Here’s an interesting article from a former colleague of mine, Pat Walters, on virtual chemical libraries. Those, of course, are meant to fill in the (large, enormous, humungous) gap between “compounds that we have on hand to screen” and “compounds that we could screen if we actually had them”. That second group, if taken seriously, sends you right into contemplating just how many compounds there are if you could screen everything, and that sends you into a discussion of which “everything” you mean.

Is that “all the commercially available compounds” (a constantly changing set, mind you)? All the ones that have ever been reported in Chemical Abstracts? All the ones that would be pretty easy to synthesize, whether anyone’s ever done so or not? All the ones that are theoretically possible? For each of those sets you’re also going to be thinking about cutoffs – molecular weight, polarity and other “druglike” properties, and so on. Just how many compounds are we looking at, then?

If you’re into that sort of question, the paper has a valuable review of the various computational attempts that have been made to answer that last question (how many druglike molecules are there in total?) The answer you get will naturally depend on the assumptions you make and the method you use to estimate feasible molecular structures, but it seems that most estimates are landing within a comfortable ten orders of magnitude or so: somewhere between 10 to the twentieth and ten to the thirtieth. How you feel about that level of precision depends on how abstract a thinker you are, I suppose. If you geared up a compound-archive system to handle some huge horrific unprecedented planetary compound collection and were then told “Oops. A bit off on the numbers. We’re actually going to come in at ten thousand times that size”, that might cause a bit of distress. But in the abstract, the difference between eleventy Godzillion and umpteen Godzillion compounds doesn’t matter as much: what matters is that all of these estimates are massive by any human standard. They’re massive physically, to the point of complete impossibility (the Earth itself weighs about 6 times ten to the thirtieth milligrams), and they’re massive computationally, too.

The paper goes on to describe methods used to produce huge enumerated compound sets (such as GDB-17) and ones based on known, reliable reactions and commercial starting materials (even the latter start heading into the quadrillions pretty rapidly). And that brings up the nontrivial question of how you handle compound databases of this size. As Walters points out, clustering algorithms are just not efficient enough to deal with any list longer than about ten million compounds, and if your virtual library is equivalent to a million sets of ten million compounds each, well then. Comparing libraries/library designs to see what parts of chemical space they’re covering is no picnic, either – the most commonly used techniques start to gasp for breath at about the million-compound level, which is totally inadequte.
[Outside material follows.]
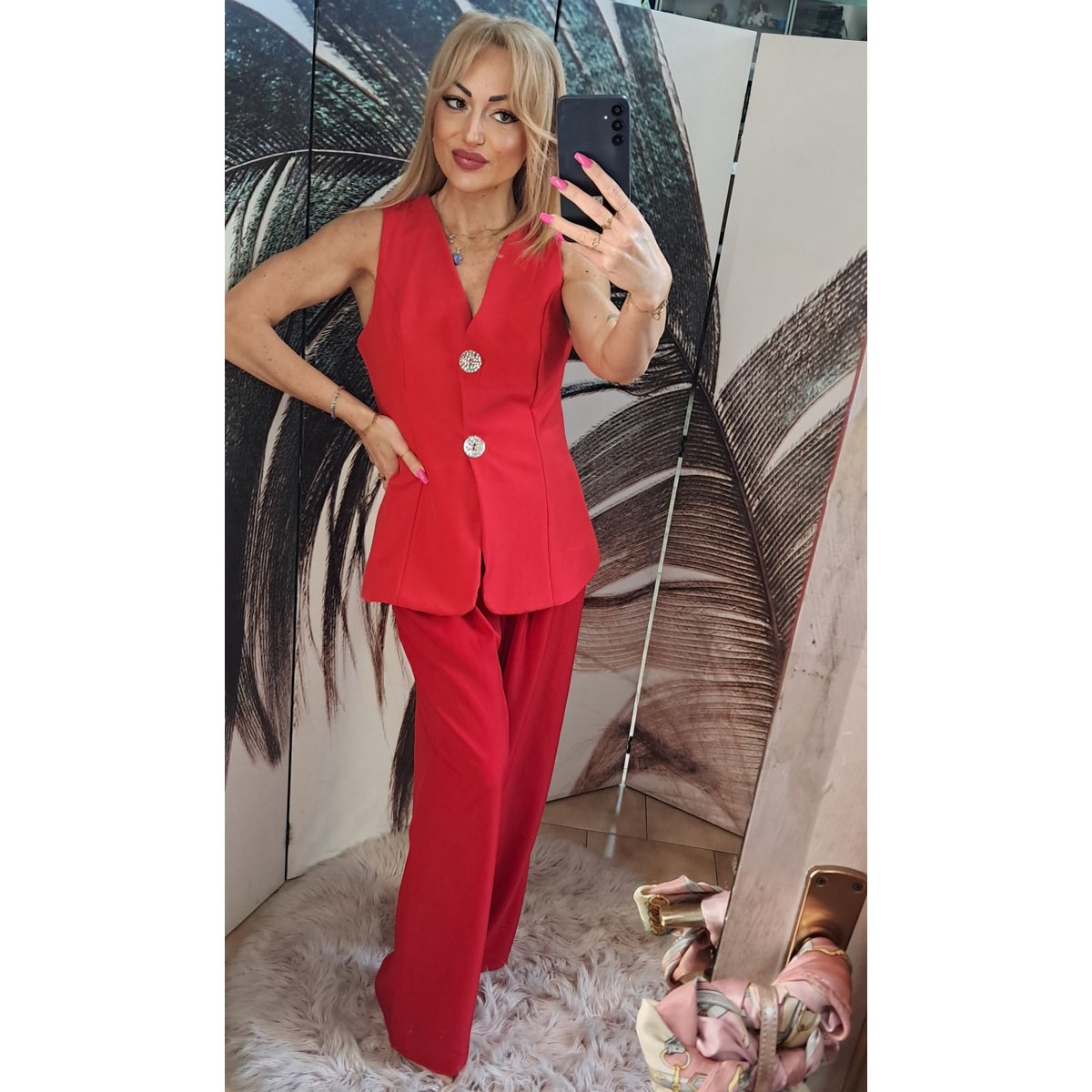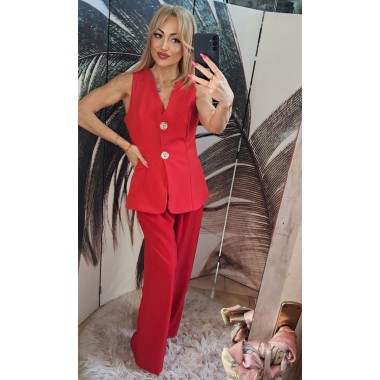 Completo elegante da cerimonia composto da: gilet lungo con bottoni dorati, vestibilità sciancrata, foderato e pantalone lungo con elastico in vita e bottone dorato, vestibilità morbida. Taglia unica

Then there’s, well, the actual screening part. You can run 2-D structures through a screening algorithm pretty quickly, but do you want to? 3-D ones should be a lot better, but that immediately should make you ask “Which 3-D structure might you mean?”, which takes you into conformational searching, energy minimization and so on – and that’s if you screening against a static binding pocket, and how realistic is that? We have just slowed down the whole process by perhaps a millionfold by merely thinking about such issues. Oh, and just how accurate are your methods to estimate the binding interactions that you’re depending on for your scoring? What kind of false positive rate do you think you’ll get? Simply making the virtual library bigger does not exactly deal with these problems. Quite the opposite. As Walters shows in the paper, parallel processing on modern hardware can deal with some pretty hefty screens. But the expertise needed to set these things up properly is not in long supply.

One take-home from the paper is that (even with our current hardware) we’re reaching the scaling limits (on several fronts!) of the techniques that have brought us this far. A possible solution is the use of generative techniques, where a virtual library is built from the ground up based on on-the-fly estimates of compound activity. This has a lot of merit compared to the brute-force here’s-ya-zillion-compounds approach, but it’s just barely been put to the test so far, and may well require new machine learning algorithms to reach anything close to its full potential. Another take-home is that no matter what the technique, we’re going to have to hammer down the false positive rates in order to have any chance of usefully navigating Big Druglike Space – and that’s probably going to require new methods as well. The good news is that there is no reason why such things should not exist.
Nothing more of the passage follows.